EXERCISE PROMPT: Look through the data below for the line with "后来接受专访时,他也被问到相" and the line with "Tablero contrachapado de", then transcribe exactly from the first through the second, leaving out all pictures.

RECORDED INFORMATION:
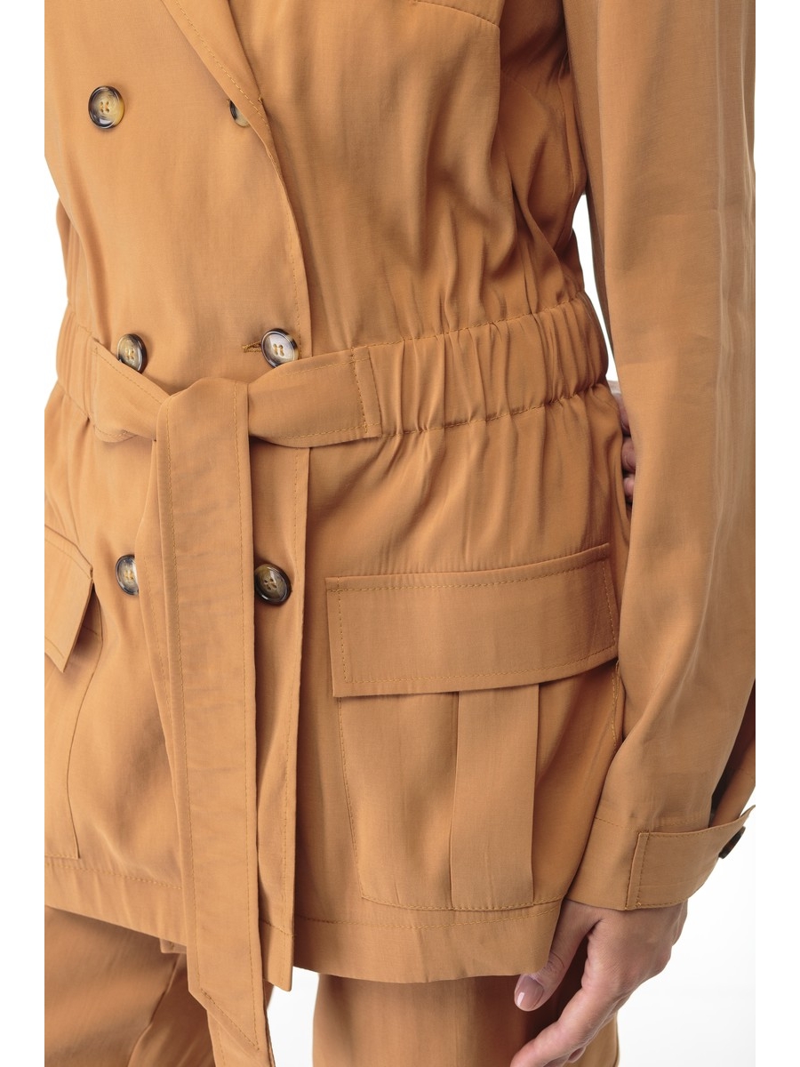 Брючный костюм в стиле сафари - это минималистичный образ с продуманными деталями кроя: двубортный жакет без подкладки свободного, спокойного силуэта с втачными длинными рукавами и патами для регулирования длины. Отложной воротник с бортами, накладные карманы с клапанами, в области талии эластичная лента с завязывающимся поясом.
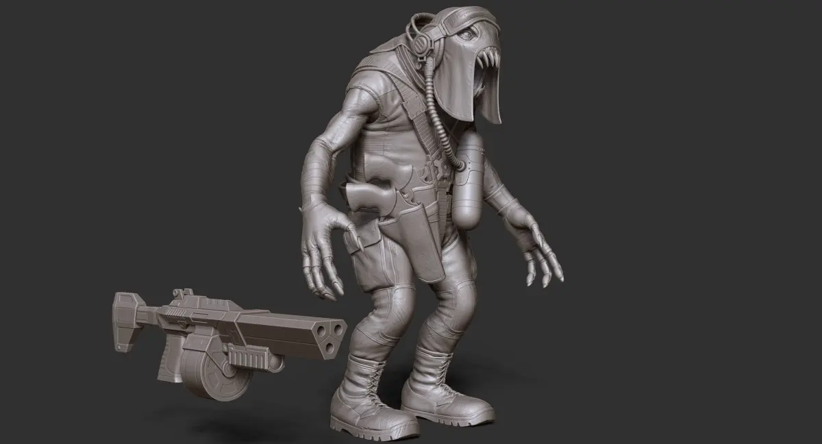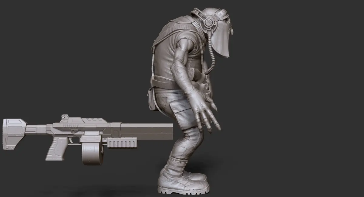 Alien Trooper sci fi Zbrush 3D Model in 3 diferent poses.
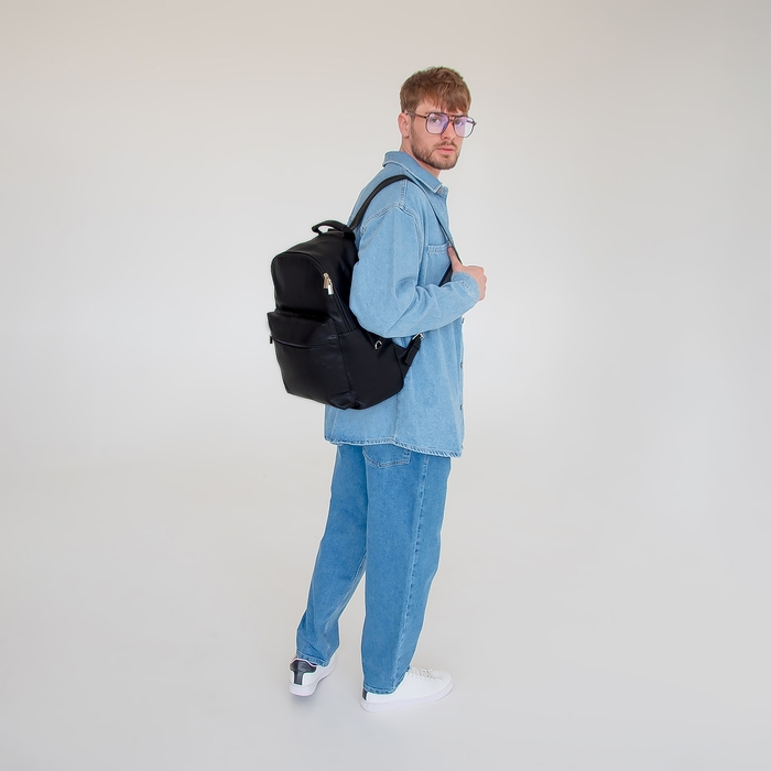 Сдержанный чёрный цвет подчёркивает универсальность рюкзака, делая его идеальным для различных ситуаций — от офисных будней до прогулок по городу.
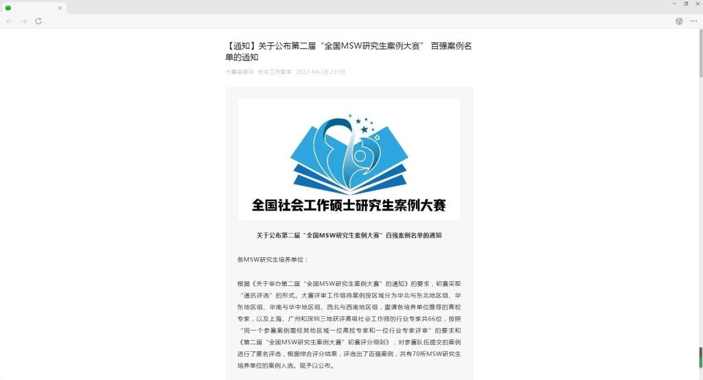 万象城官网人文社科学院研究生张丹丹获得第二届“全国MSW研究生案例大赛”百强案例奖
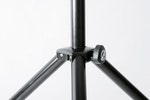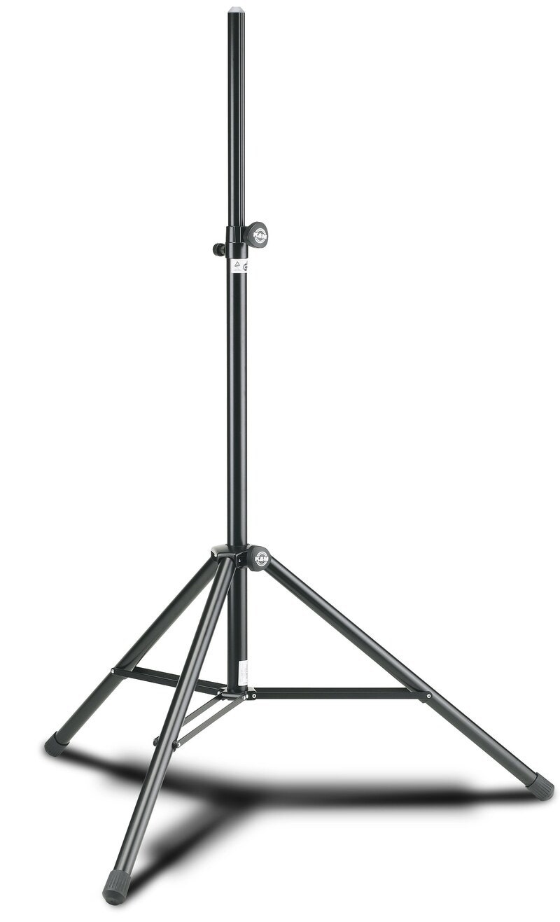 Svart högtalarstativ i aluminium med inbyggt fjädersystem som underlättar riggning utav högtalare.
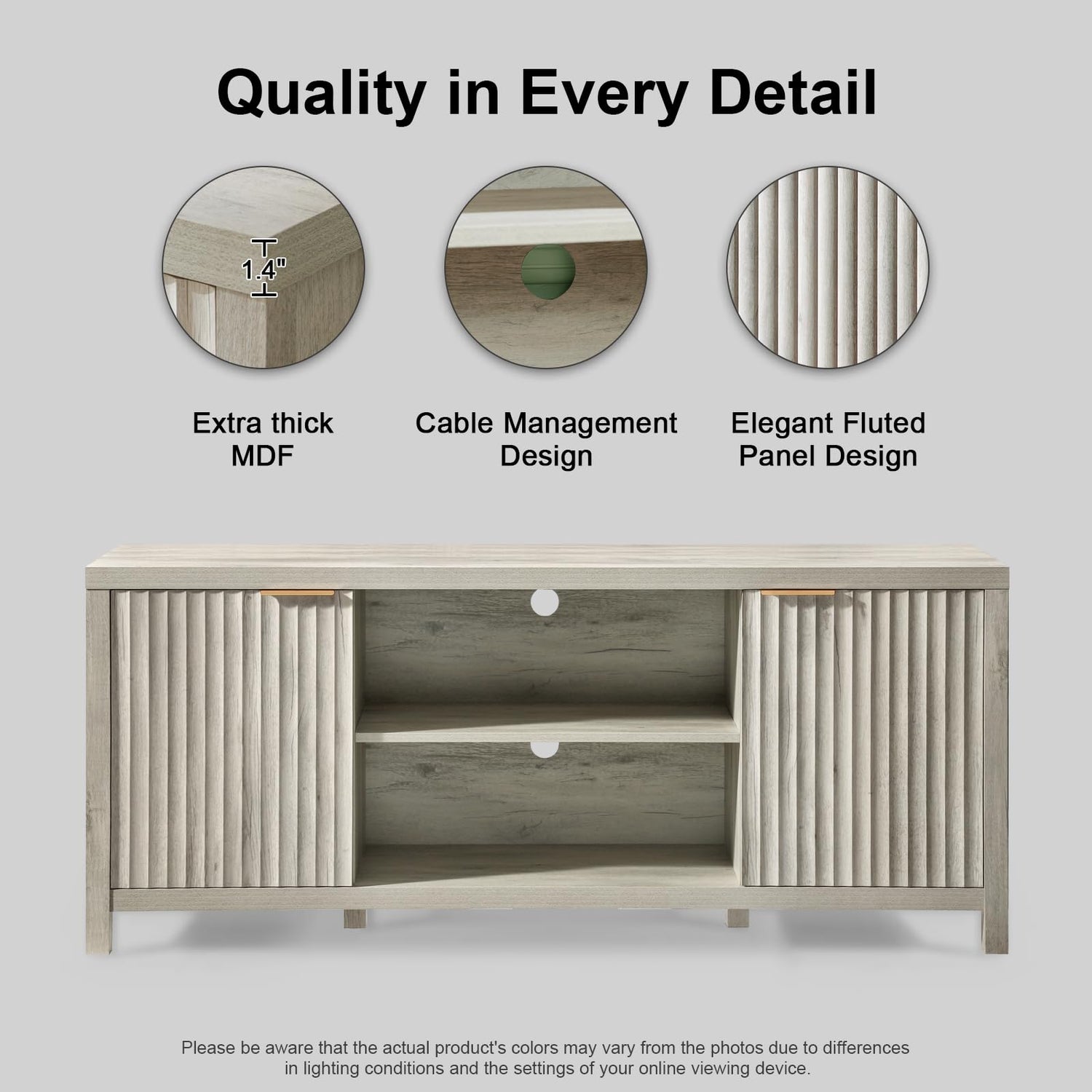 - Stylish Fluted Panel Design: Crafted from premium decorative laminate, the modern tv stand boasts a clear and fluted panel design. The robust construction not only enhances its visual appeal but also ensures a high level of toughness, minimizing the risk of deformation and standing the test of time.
...
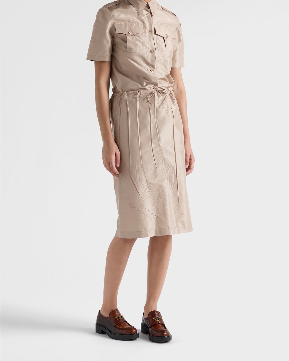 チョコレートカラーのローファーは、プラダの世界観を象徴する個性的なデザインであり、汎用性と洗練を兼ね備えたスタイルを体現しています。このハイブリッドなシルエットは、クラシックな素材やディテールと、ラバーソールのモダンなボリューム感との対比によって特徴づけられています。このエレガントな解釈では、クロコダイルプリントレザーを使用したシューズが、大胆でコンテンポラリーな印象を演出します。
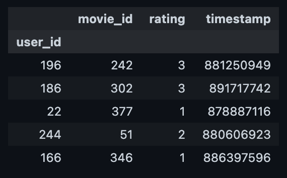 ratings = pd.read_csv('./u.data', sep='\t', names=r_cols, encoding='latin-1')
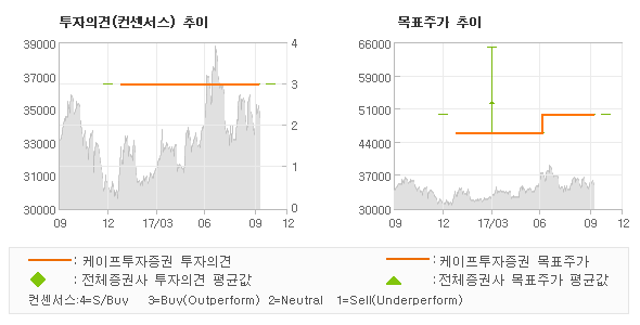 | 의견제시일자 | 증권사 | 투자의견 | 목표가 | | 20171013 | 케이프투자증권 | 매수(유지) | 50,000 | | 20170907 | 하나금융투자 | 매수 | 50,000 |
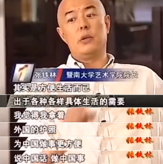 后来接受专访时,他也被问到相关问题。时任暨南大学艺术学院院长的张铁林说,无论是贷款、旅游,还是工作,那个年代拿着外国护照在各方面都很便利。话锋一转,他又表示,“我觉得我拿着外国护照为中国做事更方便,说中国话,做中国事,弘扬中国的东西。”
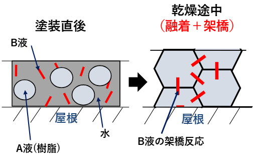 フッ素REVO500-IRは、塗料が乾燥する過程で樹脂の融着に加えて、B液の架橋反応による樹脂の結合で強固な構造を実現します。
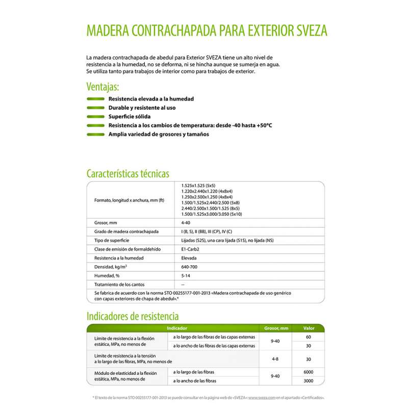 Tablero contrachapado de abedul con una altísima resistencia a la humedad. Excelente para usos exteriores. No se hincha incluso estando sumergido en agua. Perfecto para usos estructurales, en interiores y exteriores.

SOLUTION FOR THIS PROBLEM:
 后来接受专访时,他也被问到相关问题。时任暨南大学艺术学院院长的张铁林说,无论是贷款、旅游,还是工作,那个年代拿着外国护照在各方面都很便利。话锋一转,他又表示,“我觉得我拿着外国护照为中国做事更方便,说中国话,做中国事,弘扬中国的东西。”
 フッ素REVO500-IRは、塗料が乾燥する過程で樹脂の融着に加えて、B液の架橋反応による樹脂の結合で強固な構造を実現します。
 Tablero contrachapado de abedul con una altísima resistencia a la humedad. Excelente para usos exteriores. No se hincha incluso estando sumergido en agua. Perfecto para usos estructurales, en interiores y exteriores.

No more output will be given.